= Nick Mitchell (personal trainer) =

British personal trainer and fitness writer

Nick Mitchell is a British personal trainer and fitness writer.

== Career ==

Mitchell holds two undergraduate degrees in English Literature and Law and in 2009 he set up the first Ultimate Performance (U.P.) personal training gym in London.

In 2017, Mitchell moved to Los Angeles to open U.P. gyms in the United States, beginning with a gym in this city. The Los Angeles gym opened in 2018.

Ultimate Performance currently operates personal training gyms in nine countries across Europe, Asia, the Middle East, Australasia and the United States. Mitchell is Global CEO of Ultimate Performance which has its base of operations in Manchester, England.

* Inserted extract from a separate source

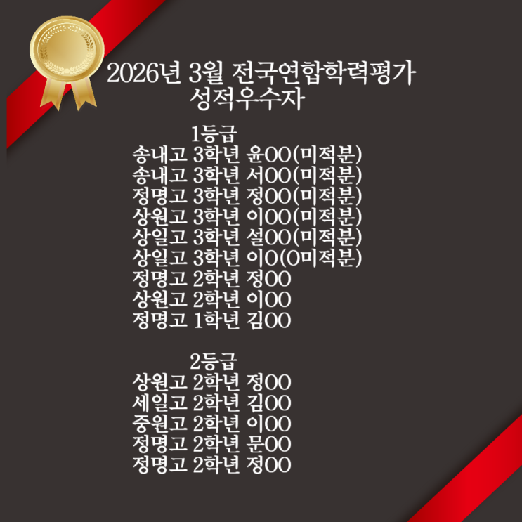 2026년 3월 말에 치른 전국연합학력평가 결과 상일고 3학년 이OO 학생이 해당학교 전교 1등을 했습니다. 이 학생의 경우 학년이 올라갈수록 급격한 성적 향상을 보이고 있습니다. 또한 정명고 고2 학생의 경우 고1 수학 모의고사 성적대비 100등 이상 향상된 47등을 기록했고(학교 등수 기준), 상동고 고3 학생(확통 선택)의 경우도 100등 이상 올라 전교 6등을 했습니다. 개인 지도를 하는 학원 특성상 대형 학원처럼 1, 2등급 학생 수가 많지는 않으나 그 비율은 타 학원에 비해 압도적으로 높습니다. 고1, 고2 학생들의 경우는 6월 이후에 치르는 전국모의고사가 현재의 실력을 판단하는 객관적인 지표가 될 것입니다. 다만 중간고사와 기말고....... <img src="https://blogthumb.pstatic.net/MjAyNjA0MTlfMTE5/MDAxNzc2NTkwOTk5OTM1.lUW31NoT3cpd85JsndUDYSpSPnSooMyC7gvKclc9Jncg.fQEkpGpfiMiTYpk02ydrdQr8calDBA8W6fIFQrHqz5Yg.PNG/%C1%A6%B8%F1%C0%BB_%C0%D4%B7%C2%C7%D8%C1%D6%BC%BC%BF%E4_-001.png?type=s3" />
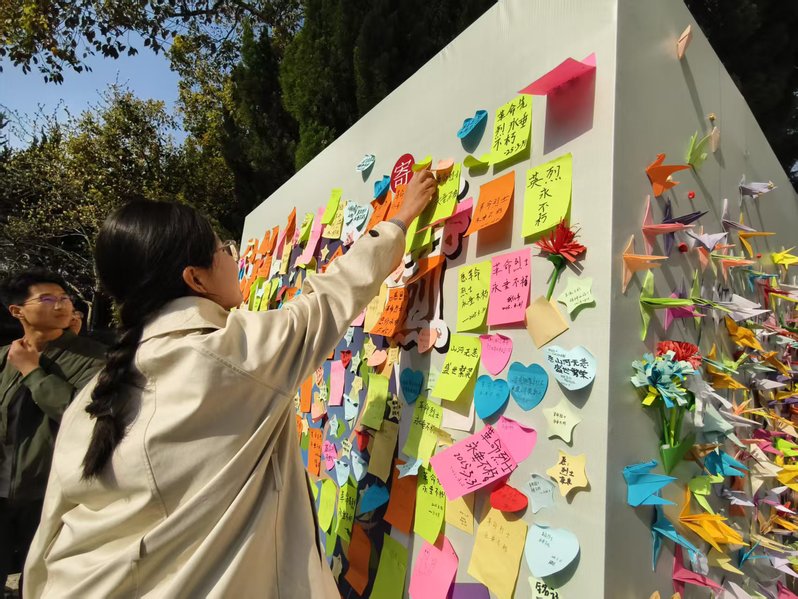 随后,支部成员参观烈士事迹陈列馆,通过珍贵影像资料和实物展品,深入了解英烈生平与革命历程,切身体会信仰的力量。在留言墙前,不少同学写下“革命英雄,永垂不朽”“您的精神永驻我心”等文字,表达崇高敬意。最后,大家手工折叠纸鹤,将敬意与思念寄托于彩纸之间,并统一悬挂于纪念墙前,构成一幅别具意义的缅怀图景。

He has written and been featured in articles in Men's Health, Men's Fitness, The Daily Telegraph, The Huffington Post, The Independent, AskMen and MailOnline, writing about fitness, exercise, personal training, diet and nutrition.

== Books ==

Mitchell wrote his first book in 2012, Men's Fitness 12 Week Body Plan, in collaboration with Joe Warner, the Editor of Men's Fitness.

His first two books, Men's Fitness 12 Week Body Plan and Your Ultimate Body Transformation Plan, both reached Number 2 in the Amazon bestseller list. His books have been translated into multiple languages, including Chinese.

In 2017, Mitchell published his third book, the first in the U.P. Encyclopaedia of Personal Training series: Principles of Muscle Building Program Design with Body Transformation Meal Plan Design. In 2018 he followed up with Volume 2 of the series.